In additional experiments, the researchers developed breast cancer lines resistant to the drug palbociclib, a common occurrence that also affects patients in the clinic. These cell lines were unaffected by ribociclib, with cells continuing to grow and proliferate, but did respond to treatment with abemaciclib. Cells engineered to be unaffected by CDK4/6 inhibition also responded to abemaciclib, but not the other two drugs--further evidence of abemaciclib's pan-CDK activity.
"Whether by accident or design, abemaciclib appears to have hit a sweet spot where it is more efficacious in some regards than the other CDK4/6 inhibitors, but potentially less toxic than earlier pan-CDK inhibitors," said study co-author Kartik Subramanian, HMS postdoctoral fellow in the Laboratory of Systems Pharmacology.

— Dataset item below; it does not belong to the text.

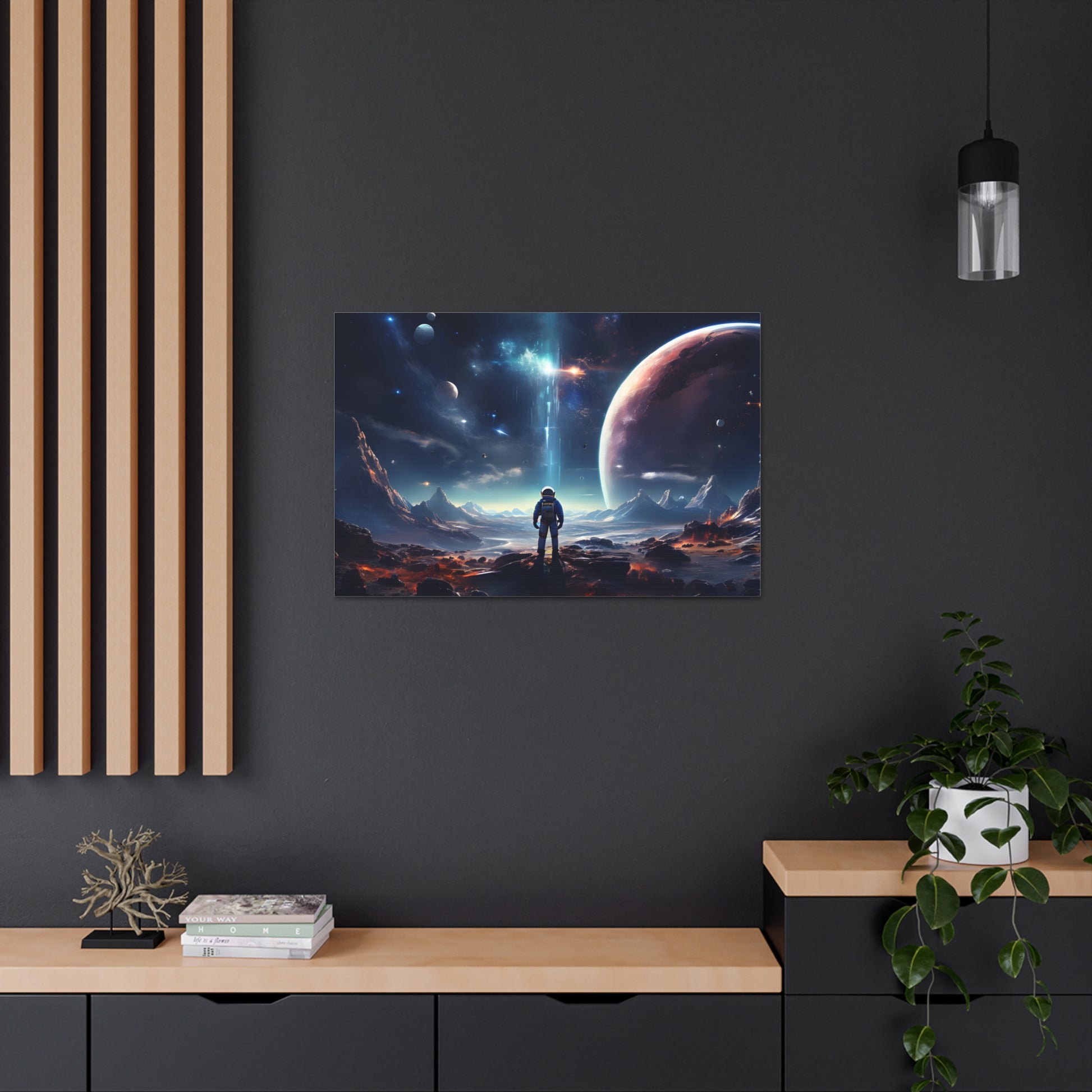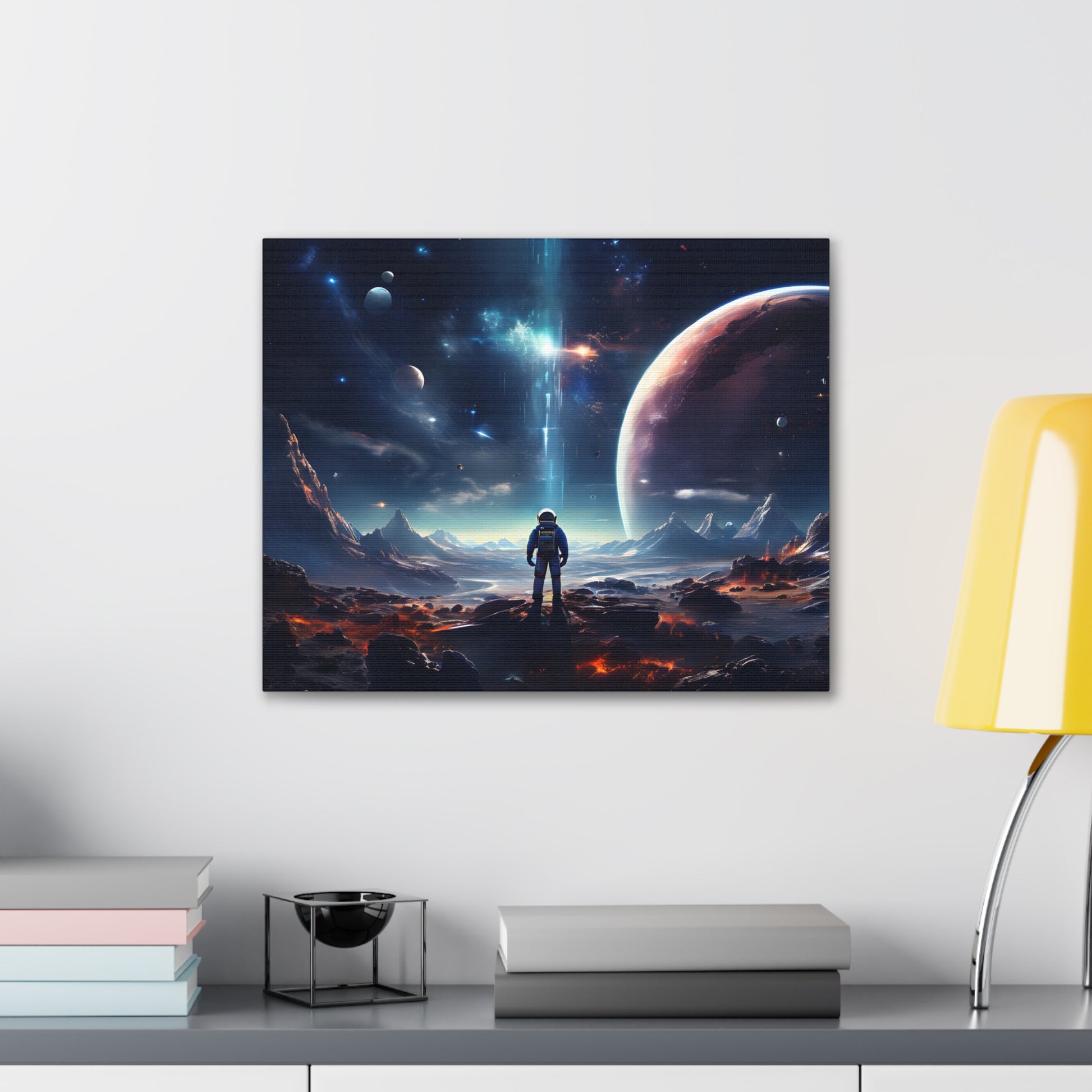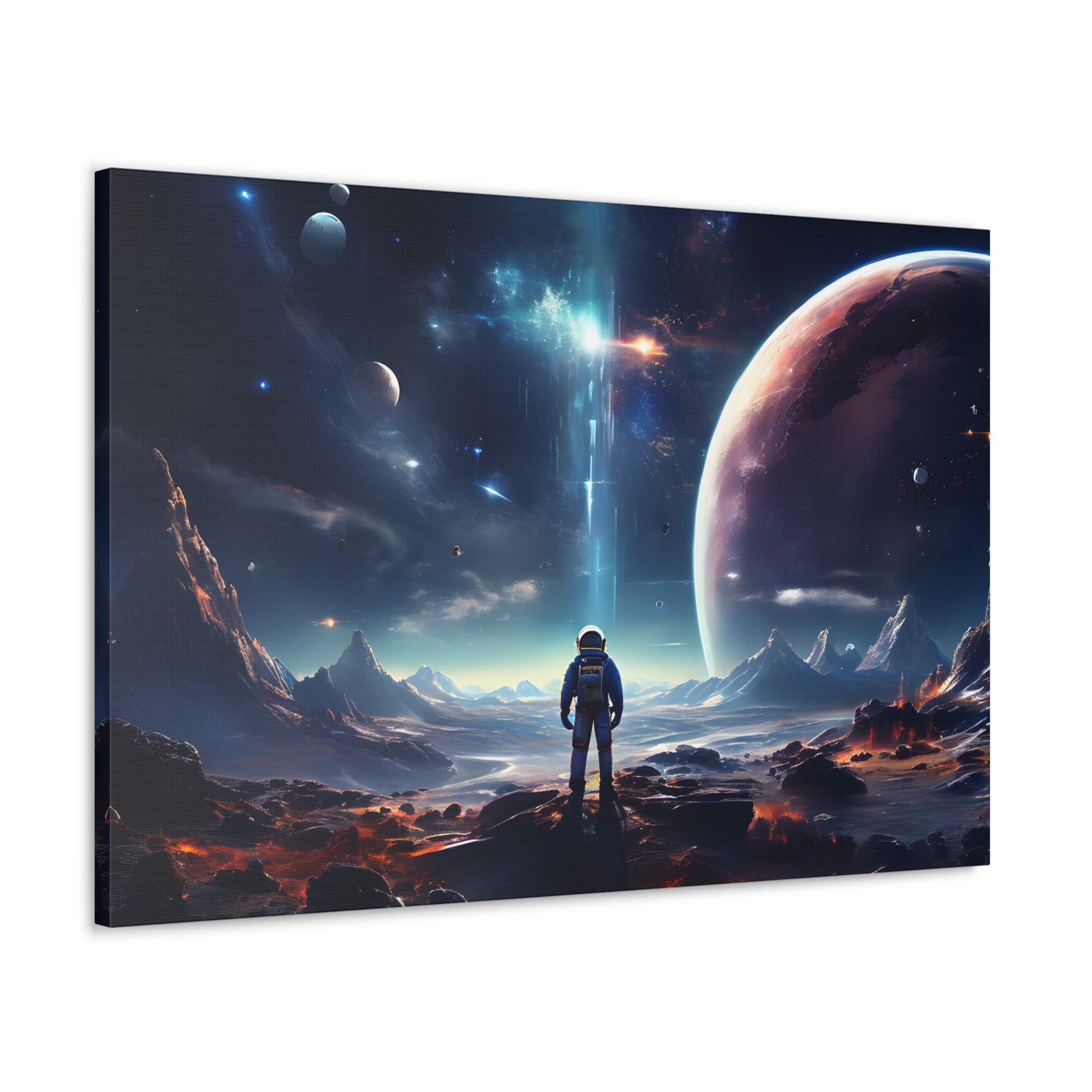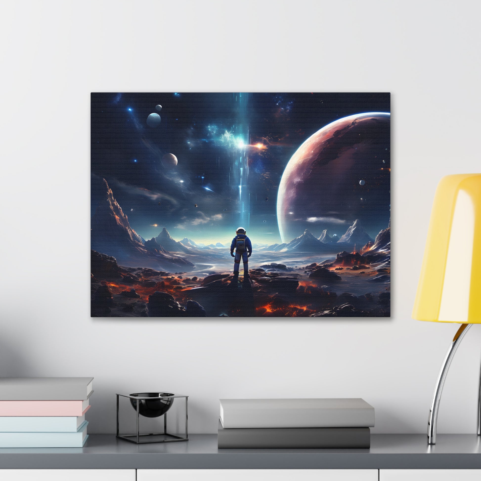 Embark on an otherworldly adventure with our "Astronaut's Journey: Space Wall Décor." Crafted on premium cotton canvas, this captivating artwork transports you to the far reaches of the cosmos.

Based on these results, the authors suggest that abemaciclib may have additional therapeutic benefits for a subset of tumors that remain unresponsive to treatment or have grown resistant to other CDK4/6 inhibitors. They cite a case study in which a patient's metastatic tumor reappeared after she developed resistance to palbociclib. She was switched onto abemaciclib, resulting in a notable decrease in tumor size, and continued to be successfully treated with the drug.
However, the authors caution that their study was based on preclinical, laboratory-based experiments and their findings do not present conclusions that should be used for decision-making in the clinic at this time. Rather, their data lay the necessary foundation for the design of clinical studies that can carefully and thoroughly assess which strategies for CDK4/6 inhibitor treatment would be of greatest benefit to patients.
Importantly, the same head-to-head comparison approach to profile similar drugs could be applied to other classes of drugs, the authors said.
"Our findings are an important reminder that just because drugs are marketed to have the same nominal targets, it doesn't mean they are necessarily equally effective in all situations," Mills said. "The most common form of breast cancer is hormone receptor positive, and for CDK4/6 inhibitors, there is the potential to make an enormous difference for a very large number of women by understanding how these drugs could be optimally used."
"The study also highlights the complex and often surprising ways, in which independent but complementary research by scientists in industry and academia can advance precision medicine," Sorger said.
Hafner, M. et al. (2019) Multiomics Profiling Establishes the Polypharmacology of FDA-Approved CDK4/6 Inhibitors and the Potential for Differential Clinical Activity. Cell Chemical Biology. doi.org/10.1016/j.chembiol.2019.05.005.